JavaScript - 176 133 130 108 106

function f()(t+=$("[title~=an]").text(),u=$("[rel*=x]")[0])?$("html").load(u.href,f):alert(eval(t));f(t=0)

Edit 1: trimmed some selectors down and used the ?: suggestion from Google's Closure Compiler (via @Sirko - thanks)

Edit 2: initialise s inside d and initialise t as 0 instead of ""

Edit 3: realised I don't actually need to target a specific container and can sweep the whole document, which gets rid of a bunch of .find calls and an unnecessary selector (plus the variable holding it)

Edit 4: shove the t initialiser in the function call to avoid a ; (it'll get hoisted to the top anyway) and squash the function down to one statement (combine two statements into one inside the ternary statement condition) to drop the {}

Note: I'm not sure if it's cheating, but this has to be run from a console window of a browser already pointing at http://stackoverflow.com/questions?page=1&sort=featured.
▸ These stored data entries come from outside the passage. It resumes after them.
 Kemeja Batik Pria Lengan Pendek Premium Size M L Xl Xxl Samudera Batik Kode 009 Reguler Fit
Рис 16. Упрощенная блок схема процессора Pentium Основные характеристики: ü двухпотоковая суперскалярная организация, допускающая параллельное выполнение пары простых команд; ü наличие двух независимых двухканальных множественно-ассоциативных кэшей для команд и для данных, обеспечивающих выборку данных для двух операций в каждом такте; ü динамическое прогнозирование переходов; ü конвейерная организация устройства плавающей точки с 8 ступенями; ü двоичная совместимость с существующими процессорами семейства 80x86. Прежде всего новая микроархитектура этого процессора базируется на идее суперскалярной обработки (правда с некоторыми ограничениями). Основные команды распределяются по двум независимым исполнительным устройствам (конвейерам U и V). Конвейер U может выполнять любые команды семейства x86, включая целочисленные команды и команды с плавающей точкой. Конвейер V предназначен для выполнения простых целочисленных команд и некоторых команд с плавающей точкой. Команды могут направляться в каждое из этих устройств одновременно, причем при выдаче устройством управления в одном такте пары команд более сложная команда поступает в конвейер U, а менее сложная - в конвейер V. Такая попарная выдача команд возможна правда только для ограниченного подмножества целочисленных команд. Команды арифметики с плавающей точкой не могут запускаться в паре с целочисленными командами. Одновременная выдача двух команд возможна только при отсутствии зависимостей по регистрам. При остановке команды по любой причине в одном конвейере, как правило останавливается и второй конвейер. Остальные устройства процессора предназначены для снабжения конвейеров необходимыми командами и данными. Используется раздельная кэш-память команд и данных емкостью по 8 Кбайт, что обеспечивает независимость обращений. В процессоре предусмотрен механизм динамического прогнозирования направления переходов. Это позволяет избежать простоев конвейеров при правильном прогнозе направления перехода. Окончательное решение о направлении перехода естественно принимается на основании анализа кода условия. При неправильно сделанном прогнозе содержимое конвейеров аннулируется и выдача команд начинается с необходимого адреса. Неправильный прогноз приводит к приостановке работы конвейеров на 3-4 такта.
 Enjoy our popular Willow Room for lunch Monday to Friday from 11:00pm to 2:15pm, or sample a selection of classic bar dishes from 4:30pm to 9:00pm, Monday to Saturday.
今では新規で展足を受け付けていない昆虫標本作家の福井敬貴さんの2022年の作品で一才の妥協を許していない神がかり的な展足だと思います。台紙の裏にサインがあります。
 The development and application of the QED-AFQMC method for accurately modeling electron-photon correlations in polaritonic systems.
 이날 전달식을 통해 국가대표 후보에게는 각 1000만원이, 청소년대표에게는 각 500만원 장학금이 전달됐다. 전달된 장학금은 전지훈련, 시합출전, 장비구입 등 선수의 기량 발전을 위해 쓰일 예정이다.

It relies on the fact that jQuery and the appropriate paging links are available on the page itself. Also, it only appears to work in Firefox and not in IE or Chrome.

Output (at time of posting):

38150 (in an alert dialog)

Exploded/commented:

function f()
    //concat all the bounty labels to t (they take the format "+50")
    //happens to be elements with title attribute containing word 'an'
    (t+=$("[title~=an]").text(),
    //find the "next" (has rel=next attribute) button
    u = $("[rel*=x]")[0])       
        ?
        //if there is a next button, load it, and then recurse f again
        $("html").load(u.href,f)
        :
        //else eval the 0+a+b+...+z tally and alert the result
        alert(eval(t))
//kick off the initial scrape (and simultaneously init the total tally)
f(t=0)

Python - 232, 231, 195, 183, 176, 174

Parses the HTML from https://stackoverflow.com/questions?sort=featured using regular expressions.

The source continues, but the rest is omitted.